"I'd as lieve be balm as anything else, if I knew how," said Miss
Bezac; "but I shouldn't call that putting me down."

"That fits, anyhow," said Squire Stoutenburgh.

"'Balm for hurt minds'"—said Dr. Harrison writing. "Miss Julia De Staff is a white lily. Miss Emmons—a morning glory. Mrs. Churchill a peony. Miss Derrick is mignonette. Mrs. Somers—?"

"I may as well be lavender," said Mrs. Somers. "You say I am in a good state of preservation."

"What is Mr. Somers?"

"Mr. Somers—what are you?" said his wife.

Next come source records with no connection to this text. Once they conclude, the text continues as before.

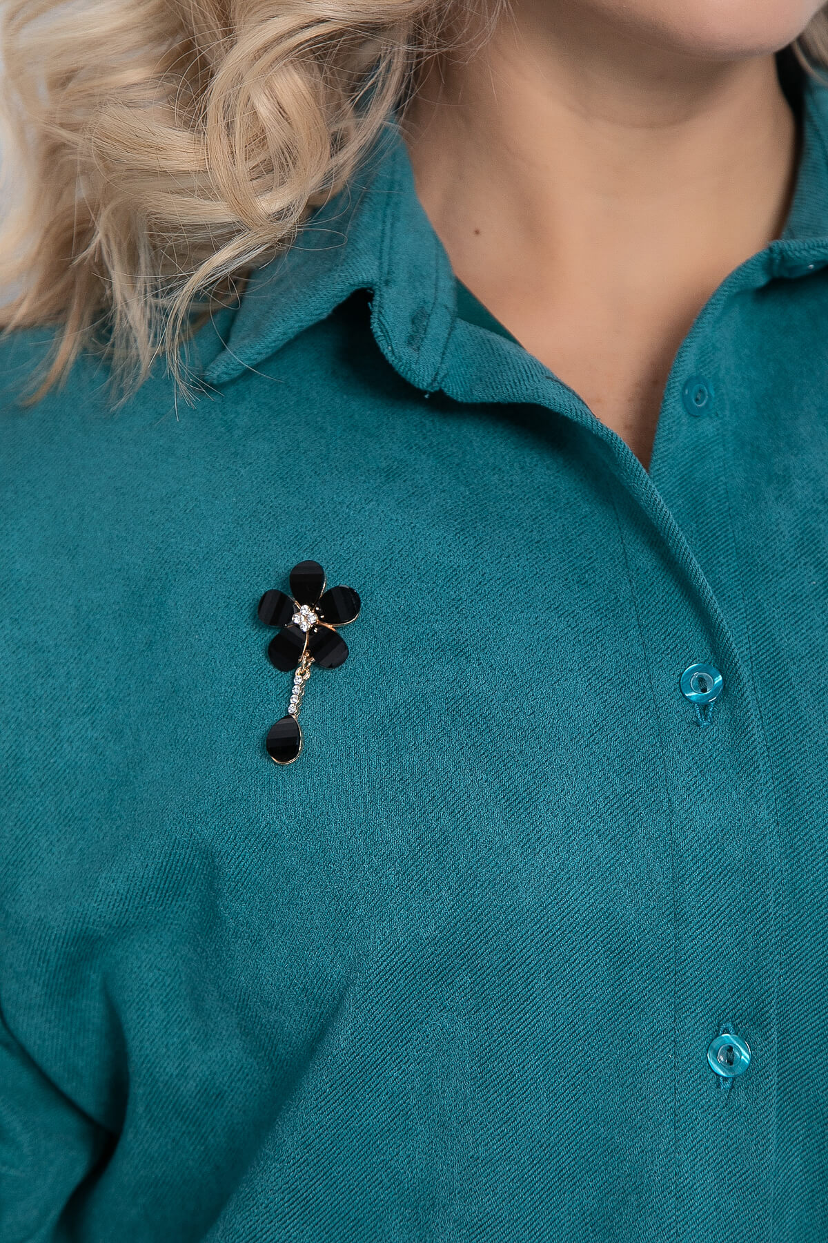 Рубашка прямого кроя из микровельвета — это воплощение комфорта и уюта. Она станет отличным выбором для любого случая — будь то деловой день или вечерняя прогулка с семьёй. Вы можете носить её как самостоятельный элемент или сочетать с другими вещами из вашего гардероба. Завершающим штрихом этой рубашки станет брошь, которая входит в комплект.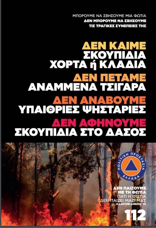 Σε περίπτωση που αντιληφθούν καπνό η φωτιά οι πολίτες καλούνται να ειδοποιούν αμέσως την Πυροσβεστική Υπηρεσία στον αριθμό κλήσης 199 και τον Ευρωπαϊκό Αριθμό Έκτακτης Ανάγκης 112 και να ακολουθούν τις υποδείξεις των αρμόδιων Αρχών.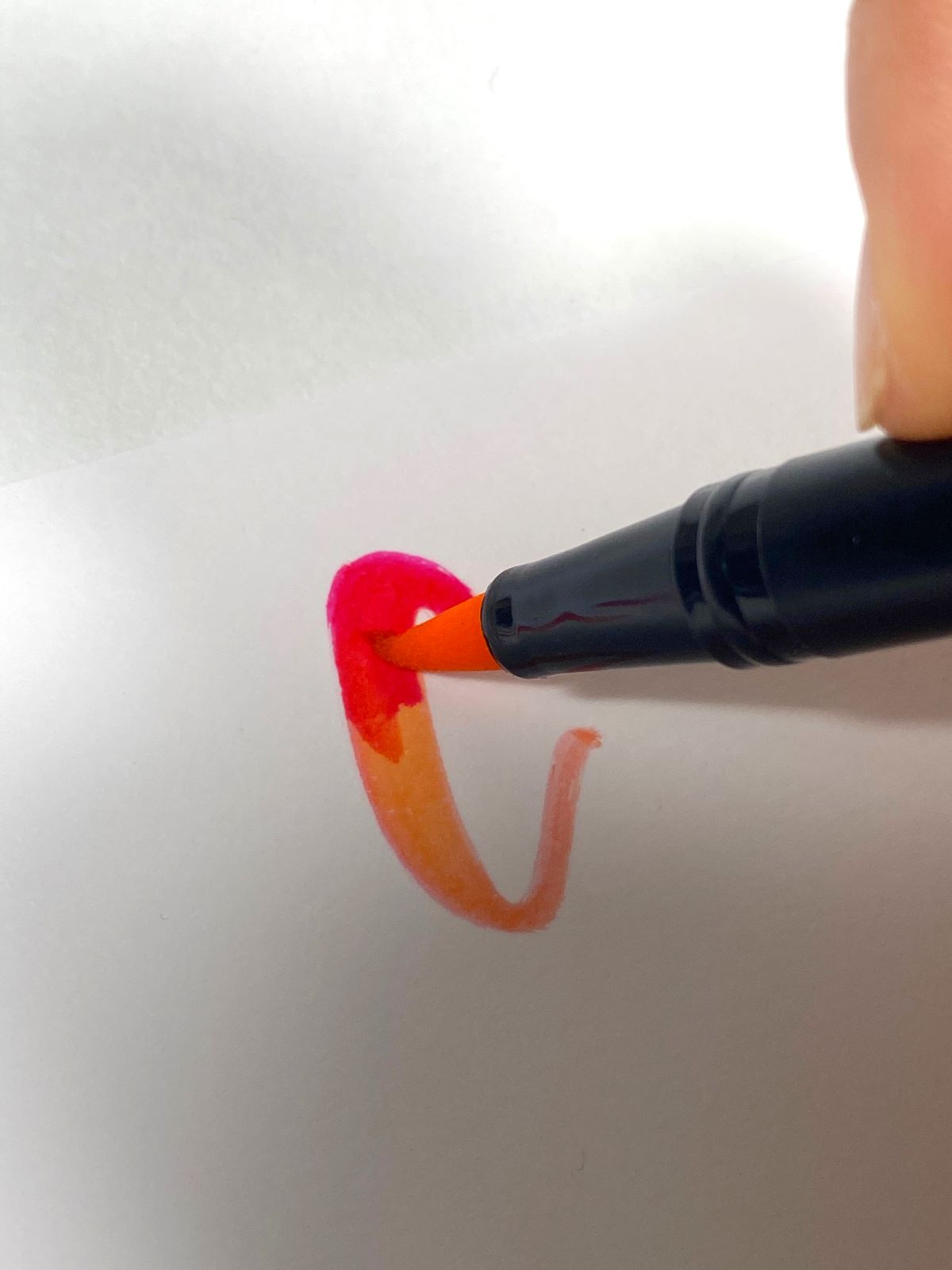 PRO TIP #1: When trying to blend a darker color into a lighter color, your pen will pick up a lot of the ink. Use a scrap piece of paper to scribble off that darker ink. Then, return to blending it into the lighter color. Some Dual Brush Pen colors are very dark and you may need to scribble off the ink after just one stroke.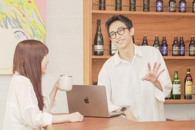 シンプル環境の執務室、yogiboやバースペースなど、どこでも好きな場所で作業。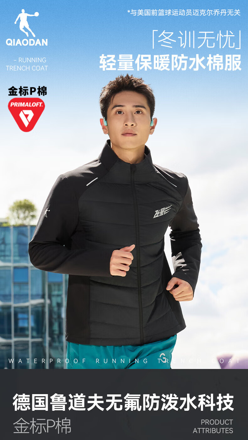 乔丹飞影金标P棉服男外套风衣冬季保暖防泼水运动夹克棉衣Primaloft 黑色 L

"Ha!—I don't know, my dear," said Mr. Somers blandly. "I think I am—a—out of place."

"Then you're a moth," said the doctor. "That is out of place too, in most people's opinion. Miss Delaney, I beg your pardon—what are you?"

"Here are the two Miss Churchills, doctor," said Miss Essie—"hyacinth and laburnum."

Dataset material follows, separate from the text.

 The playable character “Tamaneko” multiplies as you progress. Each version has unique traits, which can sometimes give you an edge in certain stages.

"I am sure you have been sponsor, Miss Essie. Well this is my garden of flowers. Then of fellow insects I have a somewhat confused variety. Mr. Stoutenburgh sings round his hearth in the shape of a black cricket. Mr. Linden passes unnoticed in the invisibility of a midge—nothing more dangerous. Mr. Somers does all the mischief he can in the way of devouring widows' houses. The two Messrs. De Staff" (two very spruce and moustachioed young gentlemen) "figure as wasp and snail—one would hardly think they belonged to the same family—but there is no accounting for these things. Mr. George Somers professes to have the taste of a bee—but luckily the garden belongs to the butterfly."